山梨大と北里大、連携協定を締結 ノーベル賞受賞者の大村智氏に縁のある2大学が創薬分野で協働
山梨大学と北里大学は4月21日、包括連携協定を締結した。創薬分野の教育研究や専門職の育成に共同で取り組む。
いずれの大学も、2015年にノーベル医学・生理学賞を受賞した大村智氏とゆかりがあることから、この度の連携協定締結に至った。
大村氏は1958年に山梨大学を卒業。その後、都立高校の教諭を務めながら大学院を修了し、1965年に北里大の関連機関である社団法人北里研究所に入所。同大薬学部助教授を経て、1975年教授に就任し、ノーベル賞の受賞理由ともなった、微生物資源を活用した創薬研究に取り組み、現在では特別栄誉教授を務めている。
このような縁から、両大学は以前から教育研究で連携。昨年6月には、山梨大の甲府西キャンパス内に研究組織「大村記念微生物資源研究フロウティラ」を開設。菌類に含まれる有用物質の探索を推進している。
今後は、このような微生物資源を活用した創薬研究のほか、不妊治療における胚(受精卵)の培養を行う専門職である「胚培養士」の育成にも共同で取り組む。

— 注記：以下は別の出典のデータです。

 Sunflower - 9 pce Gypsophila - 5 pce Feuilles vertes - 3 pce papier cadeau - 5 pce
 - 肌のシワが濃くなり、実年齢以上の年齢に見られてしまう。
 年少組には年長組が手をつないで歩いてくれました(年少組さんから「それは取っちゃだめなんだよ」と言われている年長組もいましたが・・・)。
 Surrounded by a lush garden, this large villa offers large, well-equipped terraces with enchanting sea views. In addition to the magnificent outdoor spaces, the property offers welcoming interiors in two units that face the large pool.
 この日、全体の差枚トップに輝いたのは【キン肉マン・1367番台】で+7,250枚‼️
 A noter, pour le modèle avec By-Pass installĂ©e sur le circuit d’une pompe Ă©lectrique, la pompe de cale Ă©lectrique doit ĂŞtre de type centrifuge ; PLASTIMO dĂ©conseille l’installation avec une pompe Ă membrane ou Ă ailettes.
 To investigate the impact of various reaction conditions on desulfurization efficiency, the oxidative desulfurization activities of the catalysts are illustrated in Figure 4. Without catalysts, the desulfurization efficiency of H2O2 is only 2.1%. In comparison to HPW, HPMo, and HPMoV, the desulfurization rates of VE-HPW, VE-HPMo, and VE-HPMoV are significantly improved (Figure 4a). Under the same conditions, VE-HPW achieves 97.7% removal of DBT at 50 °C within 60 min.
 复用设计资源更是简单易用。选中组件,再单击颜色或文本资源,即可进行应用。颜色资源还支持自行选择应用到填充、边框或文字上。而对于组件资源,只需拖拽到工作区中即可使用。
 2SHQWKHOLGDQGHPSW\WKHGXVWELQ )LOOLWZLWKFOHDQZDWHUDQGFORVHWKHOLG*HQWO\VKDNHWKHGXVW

山梨大の中村和彦学長は「地域から日本全国へ、さらには世界に向けた研究成果の展開と人材輩出に貢献したい」、北里大の砂塚敏明学長は「大村先生の縁にもとづき、優秀な研究者や研究者を目指す若い世代がここに集まり、さらに教育研究の充実が実現するという好循環を生み出していきたい」と語った。
また、締結式に臨席した大村氏は「研究の成功を信じている。両大学が互いに足りないところを埋め合って、更に発展してほしい」と述べた。